Posted by Ryan Suto on January 10, 2018 in Blog

On 29 December the Jerusalem Post published an interview with the US ambassador to Israel, David Friedman. In that article, Friedman stated that reactions were "largely emotional" to the Trump administration's announcement of support to move the US embassy in Israel from Tel Aviv to Jerusalem.

He went on to state: "We expected the reaction, although we were disappointed with some of the rhetoric, which was ugly, needlessly provocative and anti-Semitic [sic]".

The anti-Semitism charge

Friedman does not elaborate how political disagreements with an international policy change constitute bigotry against Judaism as a religion or Jews as a people. Nonetheless, the charge of anti-Semitism has been increasingly used to silence or stifle legitimate criticism of Israel, its government, and its policies.

Ken Marcus, Trump's nominee to the Department of Education's Office for Civil Rights, explicitly admits this in his own Jerusalem Post article, stating: "Israel-haters now publicly complain that these cases make it harder for them to recruit new adherents... Needless to say, getting caught up in a civil rights complaint is not a good way to build a resume or impress a future employer."
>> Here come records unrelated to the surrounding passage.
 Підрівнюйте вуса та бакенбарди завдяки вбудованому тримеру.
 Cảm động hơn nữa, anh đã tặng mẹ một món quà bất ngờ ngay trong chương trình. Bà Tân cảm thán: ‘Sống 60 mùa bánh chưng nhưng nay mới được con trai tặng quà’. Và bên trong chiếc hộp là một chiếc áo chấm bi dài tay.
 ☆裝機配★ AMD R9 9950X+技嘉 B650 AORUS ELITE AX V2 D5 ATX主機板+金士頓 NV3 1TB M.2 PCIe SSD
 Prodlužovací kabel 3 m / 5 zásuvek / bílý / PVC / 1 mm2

Perhaps the most important example of an overly broad definition of anti-Semitism is the Anti-Semitism Awareness Act of 2016, which passed the Senate but died in the House. The bill sought to enact a State Department definition of anti-Semitism meant for international monitoring agencies in Europe.
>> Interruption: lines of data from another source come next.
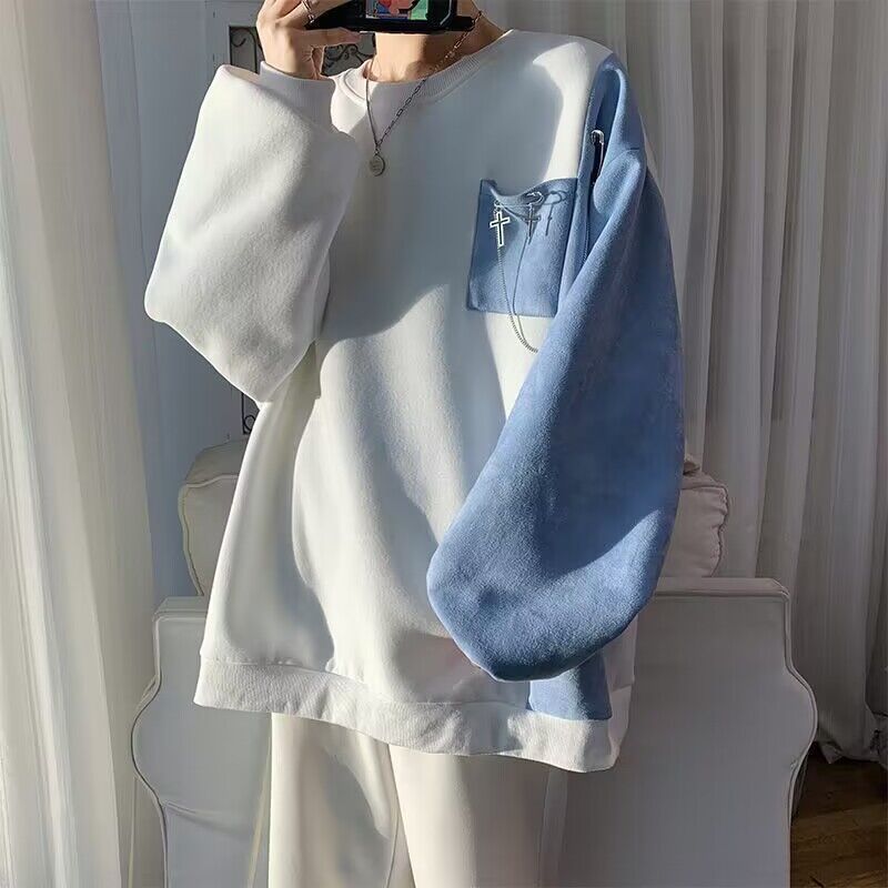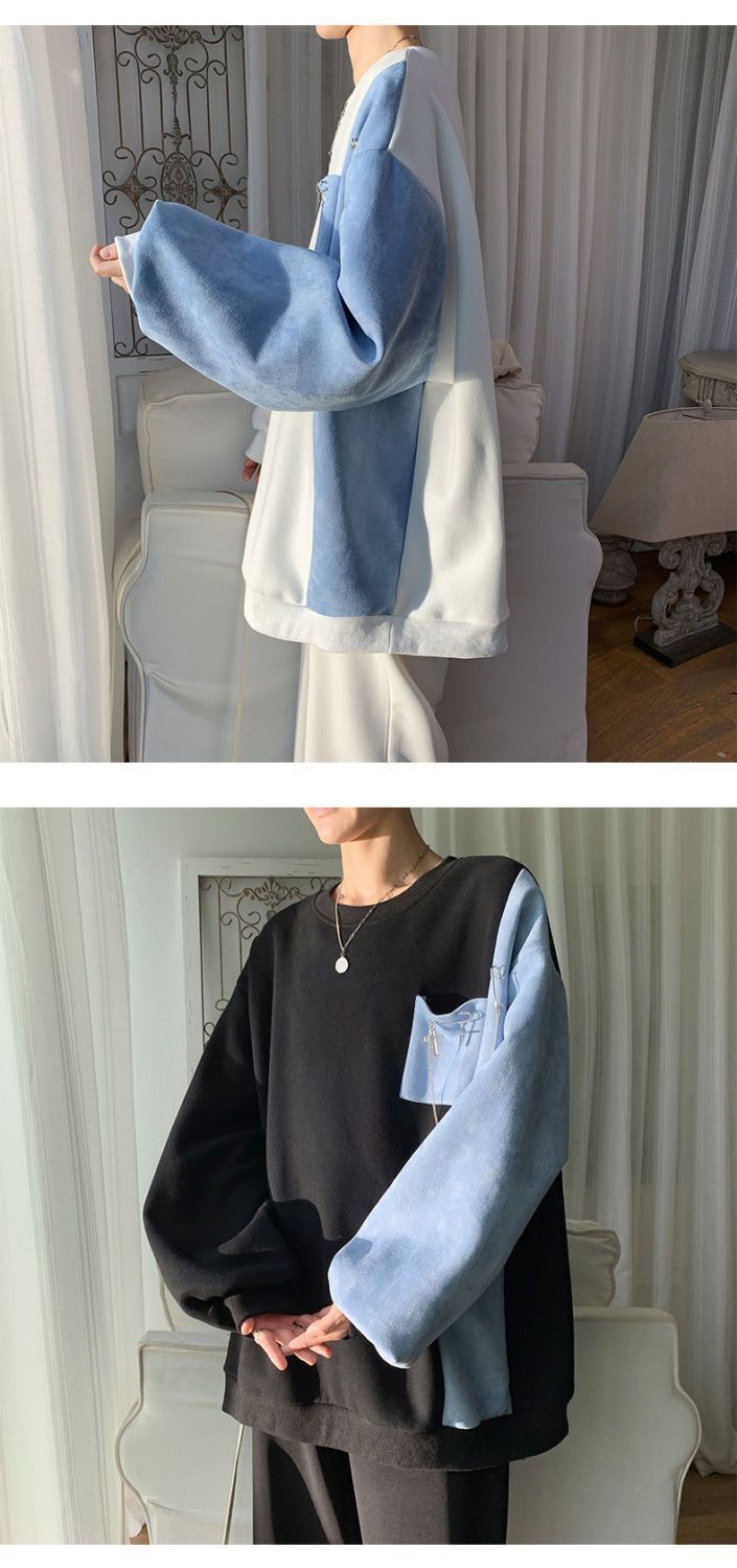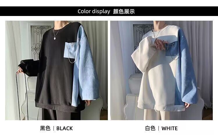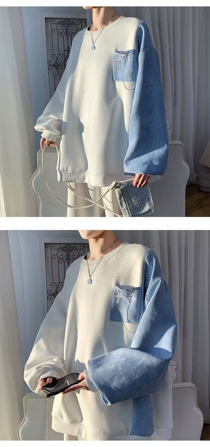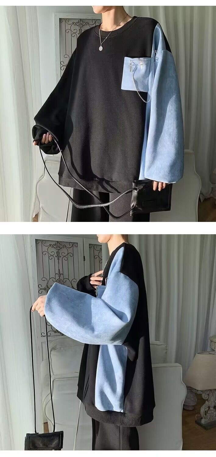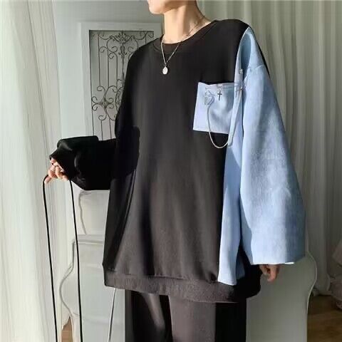 일본의 도시 소년 스티칭 스웨트 셔츠 남자의 가을 틈새 디자인 콩라인 컬러 탑 오버 사이즈 유행 브랜드 재킷스토어 가기
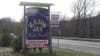 The bar area is festooned with neon signs for Budweiser and Miller Light, and in the dining room a huge car hood with the Miller Light insignia on the front is suspended from the ceiling.
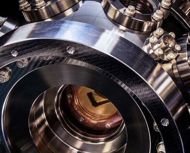 Honeywell’s quantum computer — The machine takes up quite a bit of real estate and looks like '80s popular culture imagined the future. An intense vacuum chamber — a basketball-sized stainless steel sphere — lets in laser light. Within the sphere, the vacuum has five times fewer particles than outer space. As is typical for quantum computers, it’s extremely cold — colder than the surface of Pluto, in fact, a frigid 10 degrees above absolute zero, or approximately negative 441 degrees Fahrenheit — thanks to liquid helium.

This definition, which mentions Israel 15 times, seeks to proscribe "blaming Israel for all inter-religious or political tensions" or using double standards for Israel, such as "focusing on Israel only for peace or human rights investigations".

Indeed, no other political entity is afforded such protection from criticism under US law, and surely such efforts violate the First Amendment's guarantee of free speech.
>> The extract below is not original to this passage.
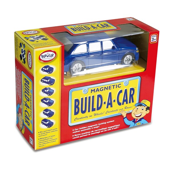 Ever wish you could design your own car or truck? Well, now you can with Build-A-Car! You'll feel like a junior mechanic as you mix and match eleven magnetic pieces to build a coupe, sedan, pickup, crew cab, sport SUV, or full sized SUV. Want to change something or to build a truck instead of a car? No problem, our hidden magnetic locking system allows you to snap pieces together and take them apart again and again. It's "Creativity on Wheels!" Warning - Choking Hazard - Small Parts. Not for children under 3 yrs. Simple construction using magnetic pieces. Recommended for ages 3-6 years. Includes 4 wheels and 7 auto body parts to construct 6 different vehicles.
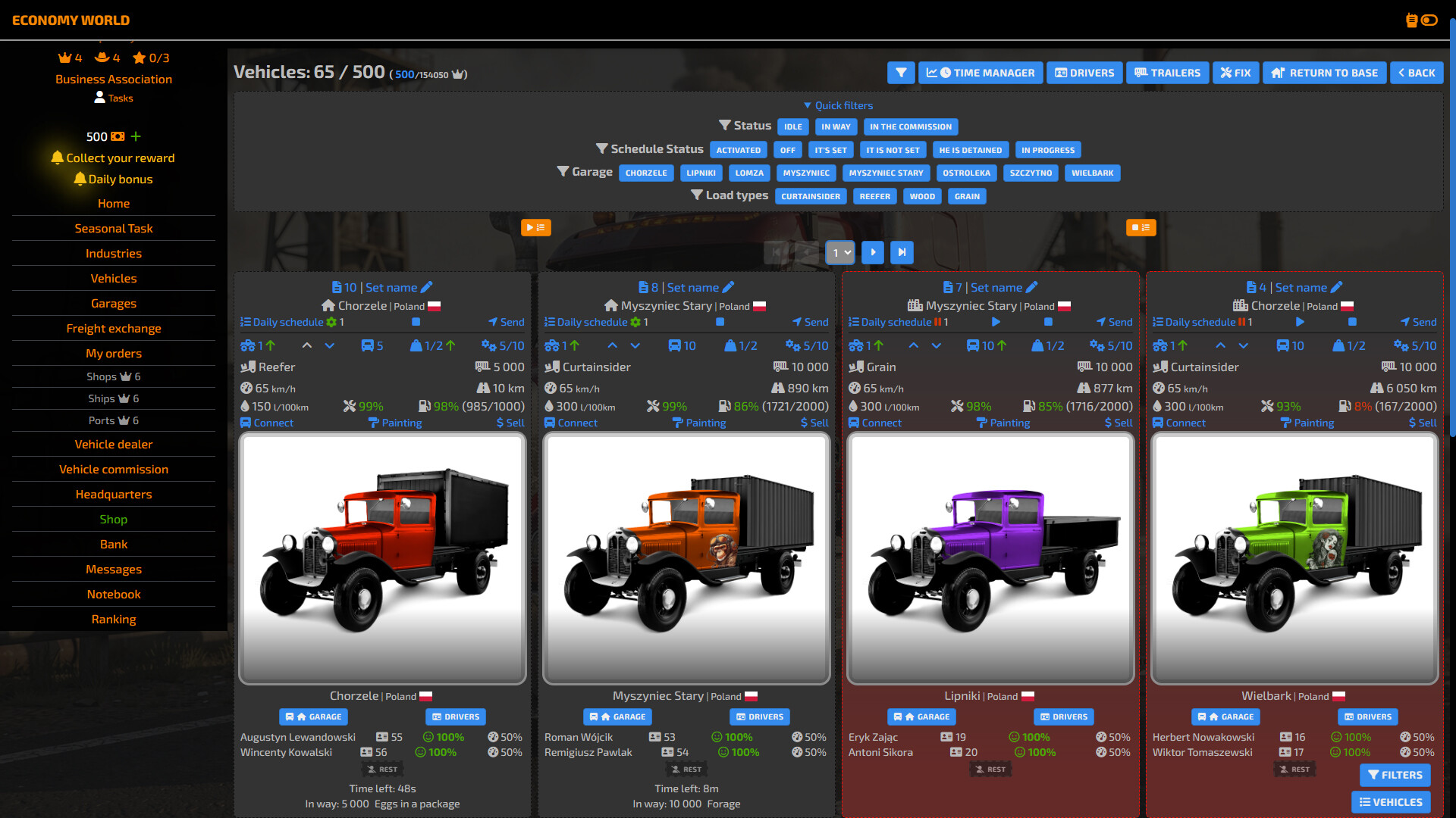 The cars you start the game with are from the 50s, with the development of technology you will have access to more modern trucks with better parameters. We can combine vehicles into convoys thanks to which managing a huge fleet is not a problem. Cars have a wide range of modifications, but first you need to earn points to strengthen them.

As Justice Thomas argued in McCutcheon v. FEC: "Political speech is the primary object of First Amendment protection and the lifeblood of a self-governing people [citations omitted]."

Criminalising criticism of Israel

Despite obvious constitutional infirmaries, efforts to enact this overly broad definition remain. The current Congress considered reviving the Anti-Semitism Awareness Act as recently as this past November in a House judiciary hearing.

Worryingly, earlier in December Bal Harbour, Florida passed an anti-free speech ordinance disguised as addressing anti-Semitism with the same broad definition, stating "the law directs officers to the State Department's 2010 definition of anti-Semitism..." in seeking to charge individuals with a hate crime.

These efforts to criminalise criticism of Israel not only limit political discourse on important topics such as foreign policy and US attitudes toward human rights abroad, they also trivialise the rising threat of anti-Semitic sentiment.

The latest FBI hate crimes report shows that anti-Semitic hate crimes increased by three percent in 2016 over the previous year.

If ambassador Friedman and Congress, back in session next week, are concerned with the state of anti-Semitism, they should oppose overly broad definitions of the term which merely seek to curb political expression and instead support comprehensive hate crime efforts such as the NO HATE Act.

Until then, the rhetoric of Friedman and others will only draw focus and resources away from legitimate hate crimes against the American Jewish community and their community centres or places of worship.